In dem Schreiben wird im ersten Absatz auf die gemeinsame Einschätzung des Ist-Zustandes von Plattner und der OSBA verwiesen: Dass Deutschland „in zentralen Feldern von US-Anbietern abhängig“ sei.
Plattners Aussage allerdings, dass US-amerikanische Unternehmen im Hinblick auf Investitionen „zehn Jahre voraus“ sei, wird in dem offenen Brief als Marketing-Narrativ bezeichnet, mit dem „Wirtschaft und Verwaltung vom Einkauf europäischer Lösungen“ abgehalten werden sollen. Weiter heißt es im Brief an Plattner: „Dieses Argument wird politisch häufig als Begründung herangezogen, um dringend notwendige Beschaffungs- und Investitionsentscheidungen zu vertagen. In Wirklichkeit könnten viele Abhängigkeiten kurzfristig abgebaut werden, wenn die Politik vorhandene Lösungen auch aus Europa gezielt in Ausschreibungen berücksichtigen und fördern würde.“
Im Brief wird verwiesen auf offene, funktionierende Alternativen und europäische Anbieter, die es in vielen Bereichen wie Cloud, Low-Code, Collaboration oder KI bereits gebe. Es heißt weiter, dass Bundesminister Wildberger im Mai auf der re:publica öffentlich angekündigt habe, „Open Source und offene Standards zum Leitprinzip in der IT-Architektur des Bundes machen zu wollen.“ Voraussetzung sei, dass die öffentliche Hand konsequent auf Open Source setzt. Die Unterzeichner des Briefes seien zudem überzeugt, dass digitale Souveränität möglich sei. „Wir müssen sie nur wollen und beherzt vorantreiben“, steht zum Schluss des Schreibens.

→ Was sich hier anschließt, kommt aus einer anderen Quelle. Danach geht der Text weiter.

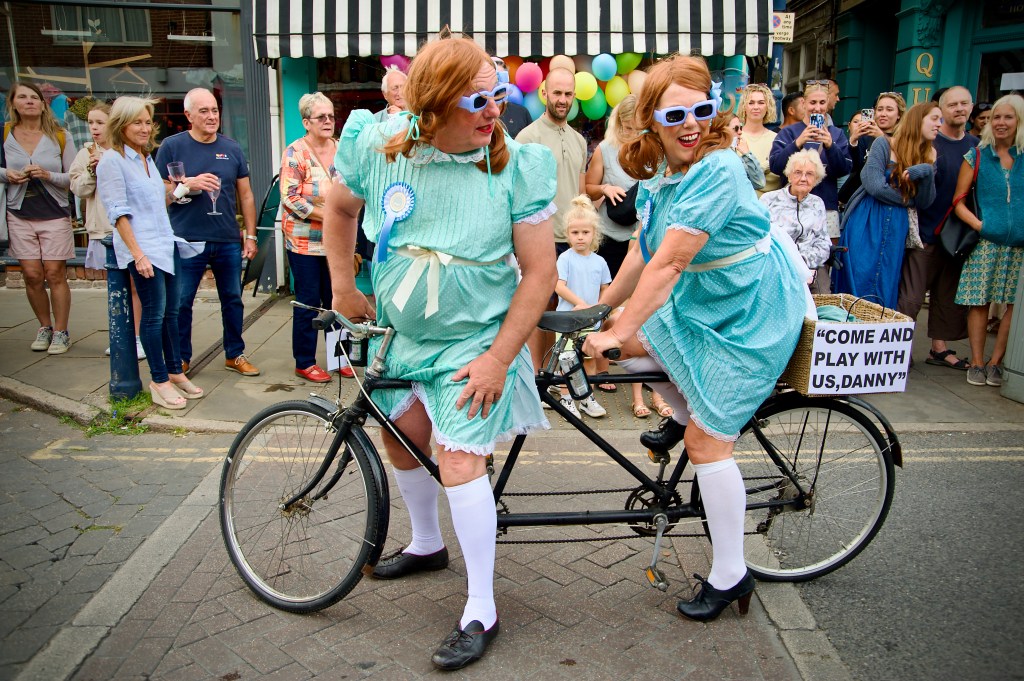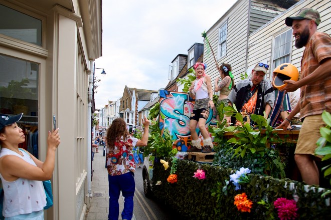 Memorable moments include the Farskate Foundation’s float, with a giant working puppet of a skateboarder doing flips and tricks. The Farskate lot also did the wonderful mural that was displayed outside the Coach and Horses near the Library Square. There was the Sound Crumpet sound system, put on by C.A.L.M., the Campaign Against Living Miserably. The music was Drum’n’Bass and Jungle but there was a pensioner in a cowboy hat sitting on a disabled scooter jiggling about to it, getting into the rhythm with all the young folk. Sam the Giant was there, and the inimitable Sadie Hennessy, with friend Dicky Stringer, on a tandem, being the creepy twins from The Shining. There was the Fish Heads from Total Pap: Justin and Emily’s first official outing since they got married a few weeks ago. And little Mila on the Surrey Carriage, Whitstable’s own very special Icon.

Einer der Unterzeichner des offenen Briefes ist Gernot Hofstetter, Co-CEO von Yorizon und Mitglied der OSBA: „Bereits heute ist Digitale Souveränität für Europa auf Basis der bestehenden Open Source Angebote sehr wohl möglich. Yorizon gehört mit zu den Vorreitern und baut seine Plattform auf eine dieser Open Source Plattformen auf. Wir bieten in Kürze schnell skalierbare digital souveräne IT-Infrastruktur aus Deutschland für Deutschland.“
Der doppelte Ansatz des BSI und die Klarstellung Plattners vom 24. August deuten darauf hin, dass BSI und OSBA nicht so weit auseinander liegen. Ob der zeitliche Rahmen zur Erlangung digitaler Souveränität kurz-, mittel- oder langfristig sein wird, wird vom Maß der Beherztheit abhängen.
Die bereits erfolgte oder zeitnahe Bereitstellung von IT-Infrastruktur aus Deutschland, von der exemplarisch Hofstetter berichtet, lässt hoffen. Und im Idealfall kann das Wort „unerreichbar“ sogar zu einer weiteren Dynamik in Richtung digitaler Souveränität beitragen. Über diese zu diskutieren, ist in jedem Fall ein wichtiger Schritt.